Question

The tread life of a particular brand of tire is a random variable best described by a normal distribution with a mean of 60,000 miles and a standard deviation of 1500 miles. What is the probability a certain tire of this brand will last between 56,850 miles and 57,300 miles

Answer 1

Answer:

0.018 is the required probability.              

Step-by-step explanation:

We are given the following information in the question:

Mean, μ = 60,000 miles

Standard Deviation, σ = 1500 miles

We are given that the distribution of tread life is a bell shaped distribution that is a normal distribution.

Formula:

$z_{score} = \displaystyle\frac{x-\mu}{\sigma}$

P(brand will last between 56,850 miles and 57,300 miles)

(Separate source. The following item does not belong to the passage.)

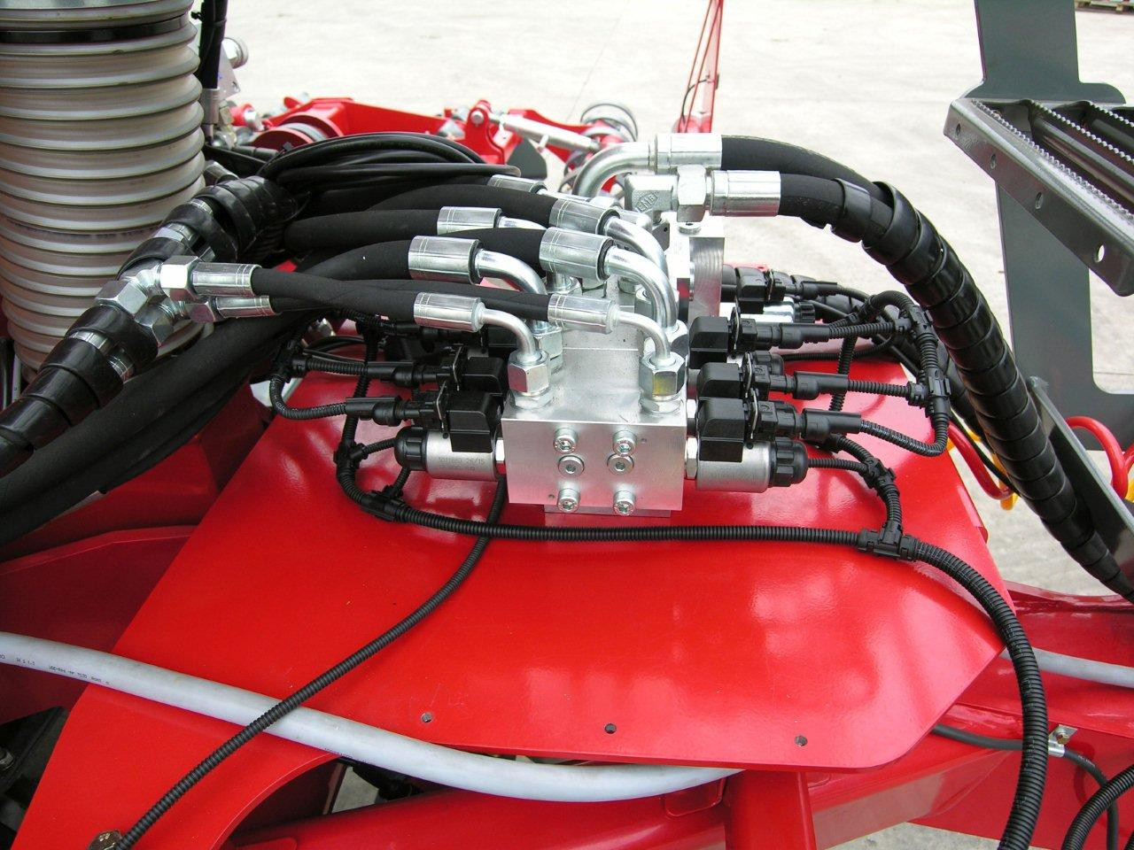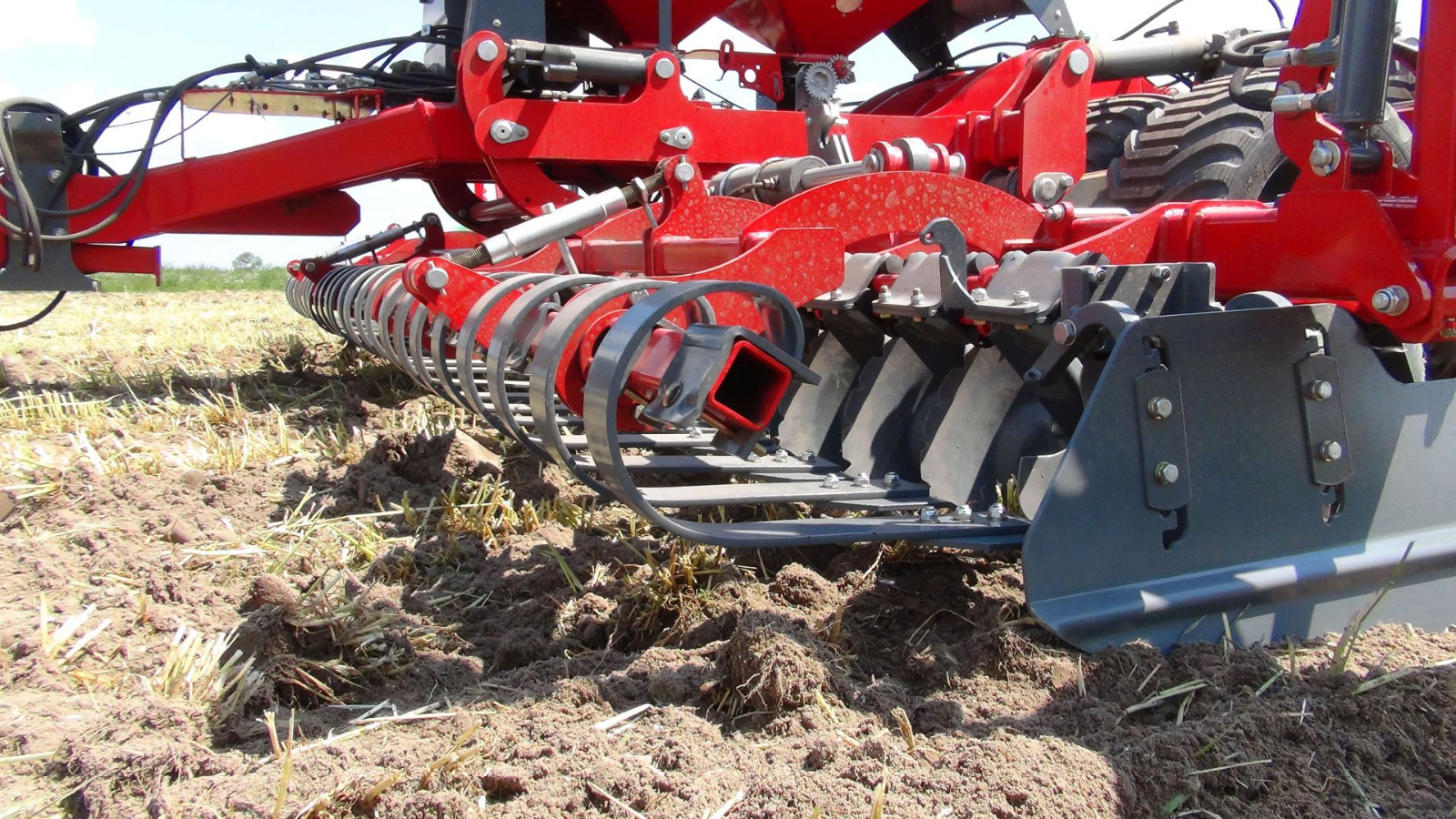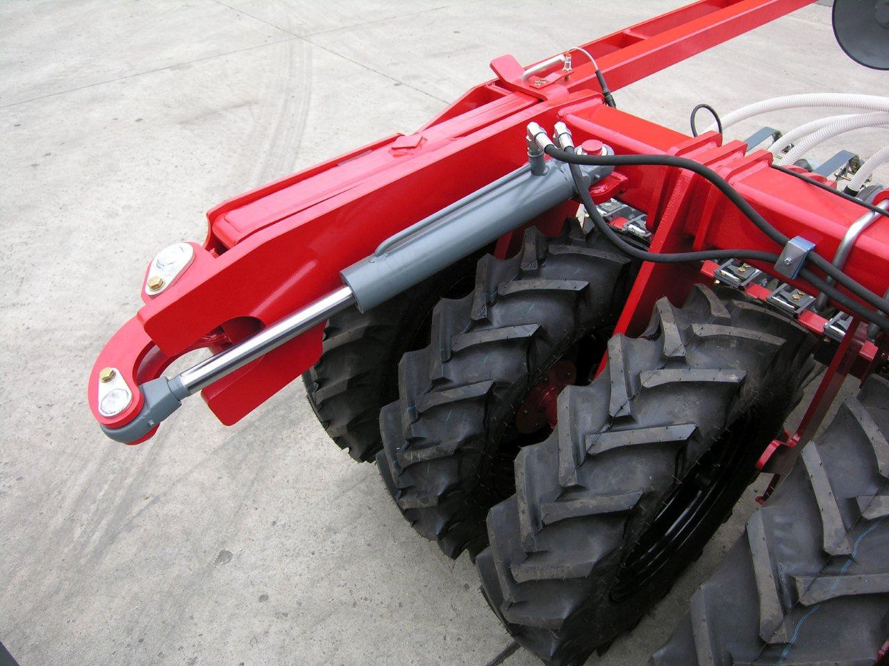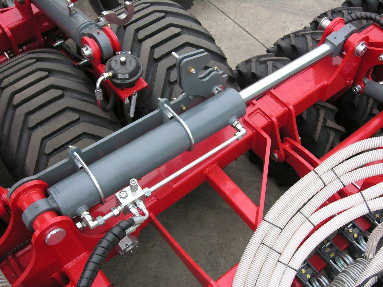 | Сошник двухдисковый V-образный ø350 мм. Максимальное давление P = 80 кг/сошник. Колесо копирующе-прикатывающее 330x50 мм | Передняя волокуша гидравлическая (опция) | Передний зацеп типа Packer (поворотный) ø800 мм. | Массивный сошник с простым управлением глубиной. |

$P(56850 \leq x \leq 57300) = P(\displaystyle\frac{56850 - 60000}{1500} \leq z \leq \displaystyle\frac{57300-60000}{1500}) = P(-2.1 \leq z \leq -1.8)\\\\= P(z \leq -1.8) - P(z < -2.1)\\= 0.0359 - 0.0179 = 0.018= 1.8\%$

$P(56850 \leq x \leq 57300) = 1.8\%$

0.018 is the probability a certain tire of this brand will last between 56,850 miles and 57,300 miles.